Lars E. Kristensen

Star formation and astrochemistry

How do stars form? How can understanding the chemistry of star-forming environments help us to answer this question? Astrochemistry is the interdisciplinary science that straddles astronomy and chemistry, asking which molecules can we find in space, where can we find them, and how did they get there? Such molecules tell us about how stars like our Sun, planets and life form; they are the ingredients of the world around us, they influence and reflect the physical conditions in star-forming regions everywhere in the Universe. As an astrochemist, I want to constrain the chemistry in such regions, which can only be achieved by comparing observations and models.

As stars form, they launch powerful bipolar jets which plunge into the surrounding medium, injecting both energy (heat) and momentum (turbulence). Astrochemistry serves as a valuable tool for understanding the shocks and physical processes associated with this energy injection, which further aids in constraining the energetics of outflows on scales ranging from the size of the disk (100 AU) to parsec scales.

Low-mass embedded stars in high-mass clusters

A star, such as our own Sun, predominantly forms in clusters along with thousands of other stars, including high-mass stars. Yet little is currently known about how the earliest stages of star formation, in particular low-mass star formation, takes place because it is incredibly difficult to directly observe these stars. Even the nearest embedded clusters are typically at distances greater than 1 kpc and so both resolution and sensitivity become issues for detecting the low-mass population of stars. This is even more of a problem when looking at clusters in galaxies, both nearby galaxies and higher redshift sub-mm galaxies.

One possibility is to use outflows as a tracer of the embedded population: outflows are only active during the embedded stage, and outflow emission scales linearly with protostellar mass (at least in the low-mass case). Thus, any detected outflow signatures will directly constrain the properties of the otherwise hidden low-mass population. To quantify this contribution, I constructed a cluster model which is available on GitHub and about to be published (Kristensen & Bergin, ApJL, in press). Initial results suggest that as much as 50% of the outflow emission may be coming from the low-mass population toward one embedded high-mass cluster.

Hot water in a protoplanetary disk

Water is an essential ingredient for life on Earth, and it is of prime importance to know where the water is in forming protostars and planet-forming disks. Recent observations with both the Spitzer Space Telescope and the Herschel Space Observatory reveal a vast reservoir of hot water with temperatures exceeding 500 K in the inner few AU of protostellar disks. However, recent observations with the SubMillimeter Array (SMA) shed doubt on this interpretation.

Observations of a single highly excited water line at very high spectral resolution (better than 1 km/s resolution), reveal that the moving water is not found in the inner disk; instead it is found in winds and outflows launched by the accreting protostar.
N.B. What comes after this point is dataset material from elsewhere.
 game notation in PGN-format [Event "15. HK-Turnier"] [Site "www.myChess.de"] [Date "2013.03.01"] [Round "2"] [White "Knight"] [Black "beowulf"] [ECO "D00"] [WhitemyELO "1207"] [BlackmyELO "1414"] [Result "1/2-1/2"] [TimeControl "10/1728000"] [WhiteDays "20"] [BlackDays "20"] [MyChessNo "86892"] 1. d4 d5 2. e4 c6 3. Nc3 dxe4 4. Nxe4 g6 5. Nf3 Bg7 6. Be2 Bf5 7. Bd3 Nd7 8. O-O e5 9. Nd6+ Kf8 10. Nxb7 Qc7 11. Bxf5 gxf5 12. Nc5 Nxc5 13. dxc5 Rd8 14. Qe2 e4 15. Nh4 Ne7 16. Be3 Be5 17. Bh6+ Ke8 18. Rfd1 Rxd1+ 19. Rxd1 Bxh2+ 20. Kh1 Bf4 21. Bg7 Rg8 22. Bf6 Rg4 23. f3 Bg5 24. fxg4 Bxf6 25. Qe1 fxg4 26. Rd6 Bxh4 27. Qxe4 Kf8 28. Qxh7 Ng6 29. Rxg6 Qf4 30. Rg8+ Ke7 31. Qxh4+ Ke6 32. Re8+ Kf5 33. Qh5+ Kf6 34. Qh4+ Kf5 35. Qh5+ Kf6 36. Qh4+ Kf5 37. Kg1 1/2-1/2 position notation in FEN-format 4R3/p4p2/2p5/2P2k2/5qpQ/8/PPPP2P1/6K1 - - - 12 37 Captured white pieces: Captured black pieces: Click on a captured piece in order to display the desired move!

Less than 10% of the water emission is coming from the inner disk, which puts stringent limits on the amount of water vapour in the inner disk (Kristensen et al. in prep.).

Dissociative shocks in low-mass protostars

The wind from young protostars drives shocks into the inner, in-falling envelope of low-mass protostars. Observations with the Heterodyne Instrument for the Far-Infrared (HIFI) onboard the Herschel Space Observatory reveal the existence of these shocks through velocity-resolved spectra of water and other chemical species. In particular, observations of light hydrides rarely found on Earth, such as OH, CH+ and OH+, show a distinct velocity signature which I interpret as arising in strong dissociative shocks.
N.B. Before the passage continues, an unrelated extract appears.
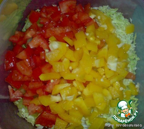 Добавляем нарезанные некрупными кубиками помидоры и перец.

The observations and my analysis shed light on both the chemistry of strong dissociative shocks, and the inner workings of accreting protostars, as evidenced by their ejection of material. I am currently following up the HIFI observations with higher-angular-resolution studies done with the SMA (Kristensen et al. 2013b).

ALMA observations of shock-excited gas in a low-mass protostar

ALMA, the Atacama Large Millimeter/submillimeter Array in the Atacama Dessert in Chile, is delivering stunning high-angular-resolution observations of low-mass protostars. I analyzed Science Verification data of a highly excited CO line, J = 6-5 at 691 GHz, toward a deeply embedded low-mass protostar, and we show that one of the sources in this system has no outflow activity associated with it, in spite of infall being detected toward the source. Furthermore, we show that hot outflowing material quickly decelerates in the inner 100 AU from the protostar. These observations highlight what ALMA can and will be able to do very soon (Kristensen et al. 2013a).

Evolution of water emission in low-mass protostars

Over the past several years I have been working in a Herschel Guaranteed Time key program, Water In Star-forming regions with Herschel, WISH. The program is all about quantifying the "water trail" from prestellar cores, through the embedded phase of star formation, to planet-forming disks, as well as from low-mass protostellar cores to high-mass cores. My primary work has been centered on the water evolution from the so-called Class 0 to Class I stages, the stages where most of the accretion takes place and where powerful outflows work as signposts for active star formation (Kristensen et al. 2012, Kristensen et al. 2010).